> **Exercise**
Output every record verbatim, and omit each picture.

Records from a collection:
■ ■ ■ ■ ■

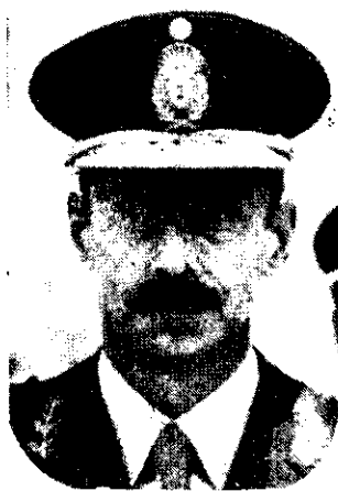
GENERAL JORGE VIDELA

pón con una visita a la Gran Muestra de la Producción Argentina. Durante su presencia, en la muestra, 7 miembros de la sec-
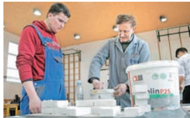
Število vpisnih mest v javnih višjih strokovnih šolah je največje v študijskih programih s področja tehnike, proizvodne tehnologije in gradbeništva (fotografija je simbolična).

Za izobraževanje v skupaj 49 višjih strokovnih šolah, 29 javnih in 20 zasebnih, od tega dveh s koncesijo, je skupaj razpisanih 12.572 mest za 33 različnih študijskih programov. V primerjavi s prejšnjim študijskim letom je za študente višjih šol ponujenih manj vpisnih mest, lani jih je bilo namreč 12.877. Za redne študente je v javnih in šolah s koncesijo razpisanih 4155 mest (lani 4175), za izredne pa 3780 vpisnih mest (lani 3875). Ponudbo vpisnih mest za izredne študente dopolnjujejo zasebne višje strokovne šole, ki razpisujejo še 4637 vpisnih mest. Število vpisnih mest v javnih višjih strokovnih šolah je največje v študijskih programih s področja tehnike, proizvodne tehnologije in gradbeništva in letos znaša 34,28 odstotka razpisanih mest za redni in izredni študij. Kandidati se lahko prijavijo v dveh prijavnih rokih, in sicer od 13. februarja do 8. marca ter od 28. avgusta do 1. septembra. Na višjih strokovnih šolah bodo informativna dneva pripravili v petek, 10. februarja, in v soboto, 11. februarja.
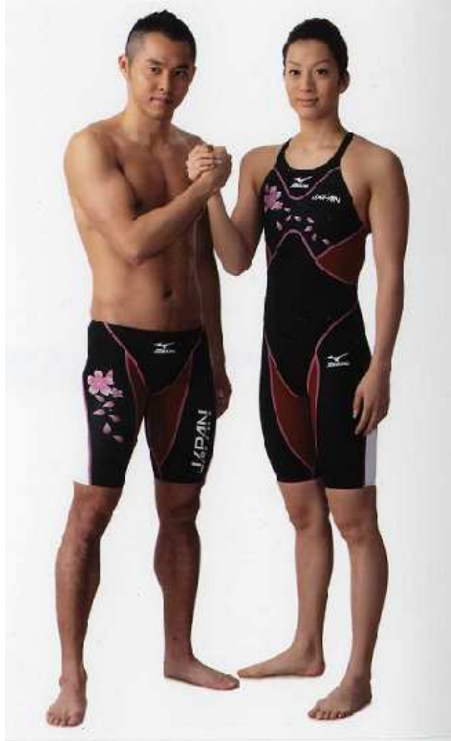
「世界競泳2007 イン ジャパン」日本代表レプリカ水着

(左：ハーフスパッツ¥11,000 右：ハーフスーツ¥16,500) ※税別価格
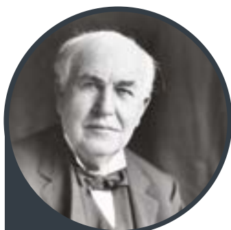
Thomas Edison - empreendedor, inventor e cientista norte-americano

“Nossa maior fraqueza está em desistir. O caminho mais certo de vencer é tentar mais uma vez”
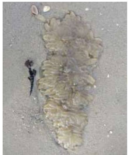
Eieren dwergpijlinktvis Ruud Costers

Op 20 juni was zoals vermeld een vismonitoring door Stichting Anemoon bij Egmond. Het kornet werd getrokken door Dennis Leeuw.
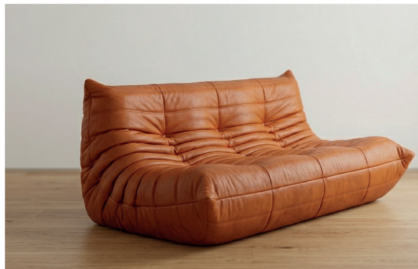
Designerska Sofa Togo, która ma być głównym atutem salonu

Projekt dotyczy aranżacji mieszkania w centrum Wrocławia dla młodej pary miłośników mody i muzyki. Przestrzeń użytkowana będzie głównie w weekendy oraz służyć ma jako miejsce spotkań ze znajomymi. Jest to przestrzeń gdzie para odpoczywa od codziennej rutyny i organizuje imprezy dla najbliższych.
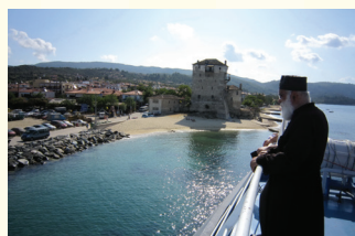
OBILAZAK SVETE GORE

Tokom Vašeg boravka biće organizovani fakultativni izleti, o rasporedu se možete informisati kod predstavnika ili putem oglasnih tabli koje se nalaze u Vašim kućama.
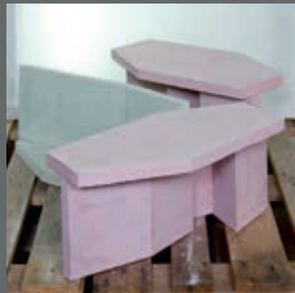
Øivind Haaland Contiga, Moss
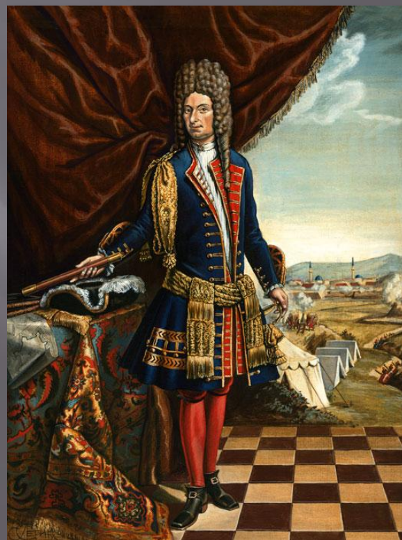
Франц Яковлевич Лефорт
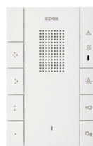
40547 - Θυροτηλέφωνο Voxie 2F+ 7 κουμπιά λευκό
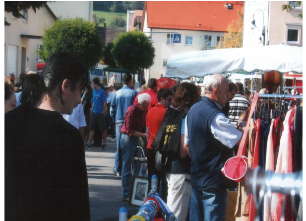
Treffpunkt für Viele: Sunday ist Funday

Bei einer Einbruchserie in der Gartenanlage Schnait werden sechs Gartenhäuser aufgebrochen.
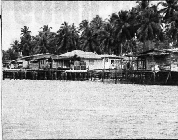
PULAU Omadal, Semporna dipilih sebagai subjek dan latar dokumentari.
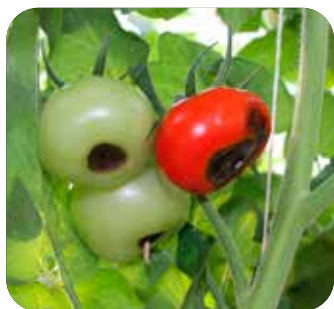
Carenza di CALCIO su pomodoro

La Linea AXI-FLOW è stata messa a punto per prevenire e curare con la massima efficacia e velocità le principali fitopatie da meso e microelementi.
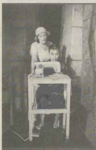
Das Theaterensemble "Berliner Compagnie".

Das Theaterensemble Berliner Compagnie wurde 1982 gegründet. Schauspieler und Schauspielerinnen aus verschiedenen Theatern wollten damals mit den Mitteln ihres Berufes etwas gegen die Stationierung der Cruise Missiles und Pershing Raketen tun. Inzwischen sind zu den Themen Frieden, Dritte Welt, Asyl, Armut und Menschenrechte 16 Produktionen entstanden.
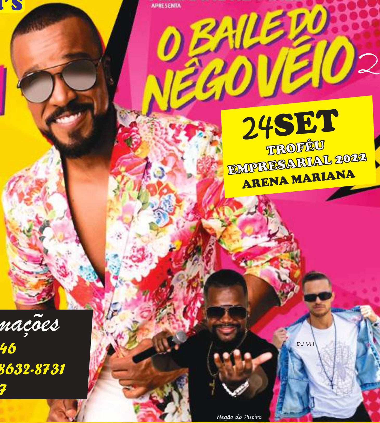
Negão do Piseiro
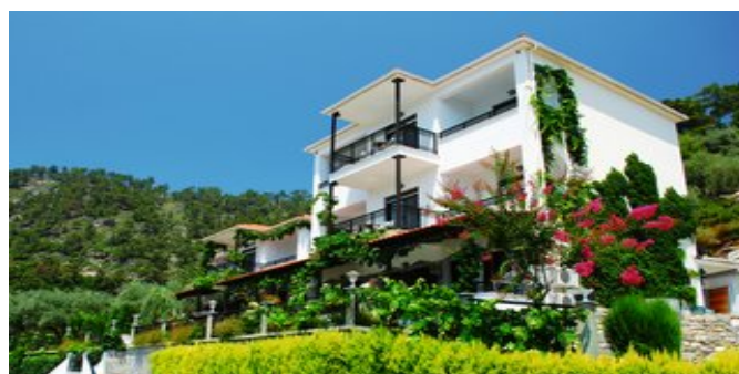
Das Hotel Villa Island View
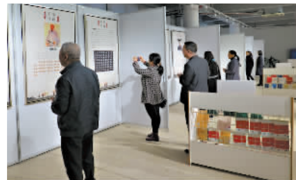
中华家训家规好家风现场。

据悉, 此次展览为期一个月, 从即日起至2017年1月6日结束, 其间将以党(工)委为单位, 每日组织一至两个党(工)委的党员干部前往参观学习, 确保学习教育全覆盖。
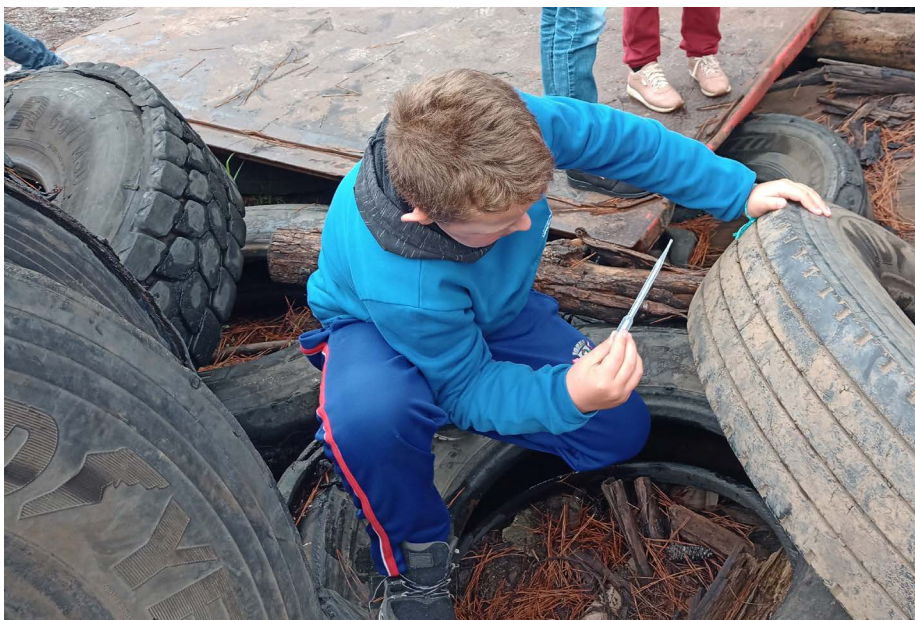
Ação realizada pelo Sesc União da Vitória com alunos de escolas municipais

Também foi realizada uma caça aos focos da dengue, com a captura de possíveis larvas do mosquito através de um cenário com pneus organizado pela equipe dos agentes de endemias, garantindo a segurança de todos os participantes.

■ ■ ■ ■ ■

> **Your solution**
GENERAL JORGE VIDELA

pón con una visita a la Gran Muestra de la Producción Argentina. Durante su presencia, en la muestra, 7 miembros de la sec-
Število vpisnih mest v javnih višjih strokovnih šolah je največje v študijskih programih s področja tehnike, proizvodne tehnologije in gradbeništva (fotografija je simbolična).

Za izobraževanje v skupaj 49 višjih strokovnih šolah, 29 javnih in 20 zasebnih, od tega dveh s koncesijo, je skupaj razpisanih 12.572 mest za 33 različnih študijskih programov. V primerjavi s prejšnjim študijskim letom je za študente višjih šol ponujenih manj vpisnih mest, lani jih je bilo namreč 12.877. Za redne študente je v javnih in šolah s koncesijo razpisanih 4155 mest (lani 4175), za izredne pa 3780 vpisnih mest (lani 3875). Ponudbo vpisnih mest za izredne študente dopolnjujejo zasebne višje strokovne šole, ki razpisujejo še 4637 vpisnih mest. Število vpisnih mest v javnih višjih strokovnih šolah je največje v študijskih programih s področja tehnike, proizvodne tehnologije in gradbeništva in letos znaša 34,28 odstotka razpisanih mest za redni in izredni študij. Kandidati se lahko prijavijo v dveh prijavnih rokih, in sicer od 13. februarja do 8. marca ter od 28. avgusta do 1. septembra. Na višjih strokovnih šolah bodo informativna dneva pripravili v petek, 10. februarja, in v soboto, 11. februarja.
「世界競泳2007 イン ジャパン」日本代表レプリカ水着

(左：ハーフスパッツ¥11,000 右：ハーフスーツ¥16,500) ※税別価格
Thomas Edison - empreendedor, inventor e cientista norte-americano

“Nossa maior fraqueza está em desistir. O caminho mais certo de vencer é tentar mais uma vez”
Eieren dwergpijlinktvis Ruud Costers

Op 20 juni was zoals vermeld een vismonitoring door Stichting Anemoon bij Egmond. Het kornet werd getrokken door Dennis Leeuw.
Designerska Sofa Togo, która ma być głównym atutem salonu

Projekt dotyczy aranżacji mieszkania w centrum Wrocławia dla młodej pary miłośników mody i muzyki. Przestrzeń użytkowana będzie głównie w weekendy oraz służyć ma jako miejsce spotkań ze znajomymi. Jest to przestrzeń gdzie para odpoczywa od codziennej rutyny i organizuje imprezy dla najbliższych.
OBILAZAK SVETE GORE

Tokom Vašeg boravka biće organizovani fakultativni izleti, o rasporedu se možete informisati kod predstavnika ili putem oglasnih tabli koje se nalaze u Vašim kućama.
Øivind Haaland Contiga, Moss
Франц Яковлевич Лефорт
40547 - Θυροτηλέφωνο Voxie 2F+ 7 κουμπιά λευκό
Treffpunkt für Viele: Sunday ist Funday

Bei einer Einbruchserie in der Gartenanlage Schnait werden sechs Gartenhäuser aufgebrochen.
PULAU Omadal, Semporna dipilih sebagai subjek dan latar dokumentari.
Carenza di CALCIO su pomodoro

La Linea AXI-FLOW è stata messa a punto per prevenire e curare con la massima efficacia e velocità le principali fitopatie da meso e microelementi.
Das Theaterensemble "Berliner Compagnie".

Das Theaterensemble Berliner Compagnie wurde 1982 gegründet. Schauspieler und Schauspielerinnen aus verschiedenen Theatern wollten damals mit den Mitteln ihres Berufes etwas gegen die Stationierung der Cruise Missiles und Pershing Raketen tun. Inzwischen sind zu den Themen Frieden, Dritte Welt, Asyl, Armut und Menschenrechte 16 Produktionen entstanden.
Negão do Piseiro
Das Hotel Villa Island View
中华家训家规好家风现场。

据悉, 此次展览为期一个月, 从即日起至2017年1月6日结束, 其间将以党(工)委为单位, 每日组织一至两个党(工)委的党员干部前往参观学习, 确保学习教育全覆盖。
Ação realizada pelo Sesc União da Vitória com alunos de escolas municipais

Também foi realizada uma caça aos focos da dengue, com a captura de possíveis larvas do mosquito através de um cenário com pneus organizado pela equipe dos agentes de endemias, garantindo a segurança de todos os participantes.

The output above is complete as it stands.